Speech

Behavioural Exchange 2015 opening speech

Minister for the Cabinet Office Matt Hancock spoke about how behavioural insights have informed government policy and processes.

This was published under the 2015 to 2016 Cameron Conservative government
The Rt Hon Matt Hancock

It’s a great honour to open this conference.

Ten years ago a conference on behavioural science would have been a much more modest affair. There wouldn’t have been a free lunch. Richard Thaler wouldn’t be signing any autographs. And let’s be honest, there wouldn’t have been much interest from government.

Yet in a remarkably short space of time, this agenda has gone from the seminar table to the Cabinet table of governments around the world.

I think a big catalyst for this was the crash. How did banks, policymakers and mainstream economic theory all fail so badly? It’s a question lots of people in this room have thought hard about.

My own conclusion is that a whole edifice of economic policy was built on the belief that people always behave rationally, on an assumption of how they ought to behave, rather than observations of how they actually do.

And it’s hard to model human behaviour. It’s hard to condense all our quirks and foibles into a neat mathematical formula and then to base a theory on it, so people didn’t bother. But life is hard.

We set up the Behavioural Insights Team in 2010 because we wanted to correct that bias.

It should not be controversial to say we’ve got to base policy on how people really behave. We’ve got to understand the context in which people act: the norms, behaviours and cognitive pressures that govern our decisions.

And the era of fiscal restraint gave a new urgency to this work. With money tight, we had to be sure that our interventions would actually work.

We gave the team an office in the heart of government, reporting to the Cabinet Office and Number 10, because we were intent on taking their findings seriously.

But crucially, the point of the team was not to use its institutional position to tell other parts of government what to do. This was the Nudge Unit, not the Shove Unit. We knew the team had to take people with them, by showing rather than telling often sceptical policymakers how these ideas could help build better services.

And that’s what they began to do.

It started with the now famous tax letters. These showed that people are more likely to respond if you simplify the message and tell them – truly – that the vast majority of people pay on time.

That trial, and variations on it, have now been replicated by colleagues from all over the world. In Australia, with the Government of New South Wales; in Singapore, with the Ministry of Manpower, and in Guatemala, with the World Bank.

I’m delighted that many of the people responsible for that work are here today and I look forward to hearing where they’re heading next.

And while the results are incredibly powerful, the methodology is just as the important as any specific findings.

One of the central insights is that the human mind creates mental shortcuts: stories, cues and rules of thumb to make sense of a complex and uncertain world.

Government behaves like this too.

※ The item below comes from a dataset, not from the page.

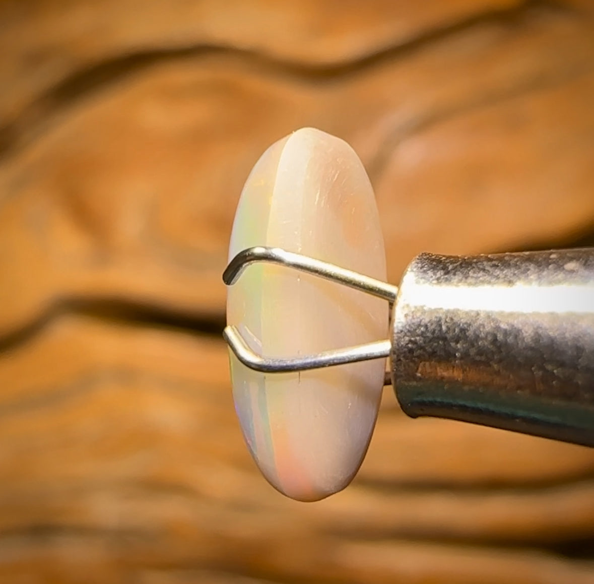 This stone displays vibrant red, orange, yellow, blue and green colouration in flag and chaff patterns.

Faced with a difficult policy problem there is always a temptation to stick with the tried and familiar, rather than experiment.

But let’s admit it, we can’t always predict what will work best. So we have to try out variations of a policy, throw out the ones that don’t work and iterate the rest. Policy based on observation rather than prediction, on controlled trials rather than assumption: it’s about applying the rigour of science to the art of government.

After looking first at administrative processes, at the Prime Minister’s request the Behavioural Insights Team has now moved on to more complex areas of policy.

We’ve applied behavioural insights to some of our toughest policy challenges: from supporting people back to work, to making our healthcare system more efficient, to helping improve young adults’ English and maths skills – something I was personally involved in as a minister.

And as well as learning from failure, we can learn from other successes too.

So at this conference you’ll hear from representatives from the White House, the German Chancellery, the European Commission, UNDP and the OECD. I’m grateful to those who’ve flown in from the United States, from Columbia, Brazil and Mexico, from the Finnish Prime Minister’s Office, from Israel, Canada, Austria, Italy and the Gulf.

And we have representatives from across the UK government, including from the behavioural insight teams we’ve established in almost every department, often working in partnership with the BIT itself.

And I’m delighted to welcome an incredible group of academics, again from all over the world. I’d like to highlight and personally thank colleagues from Harvard University, which will be hosting next year’s conference.

And Richard Thaler of course, who’s been a long-time academic advisor to our own Behavioural Insights Team, for which we remain grateful.

When the team first started in 2010, the UK government was seen as a first mover. We’re extremely proud of that but we’re also glad that this has become a global movement. Because the further it spreads, the more data and ideas we have to share, and the more we learn about how to use these insights to inform better public policy.

So thank you for your time, and on behalf of the UK government I want to wish you a successful event and I look forward to hearing your conclusions.

Because ultimately that’s what this is about. Making government work better, to help more citizens lead good and fulfilling lives.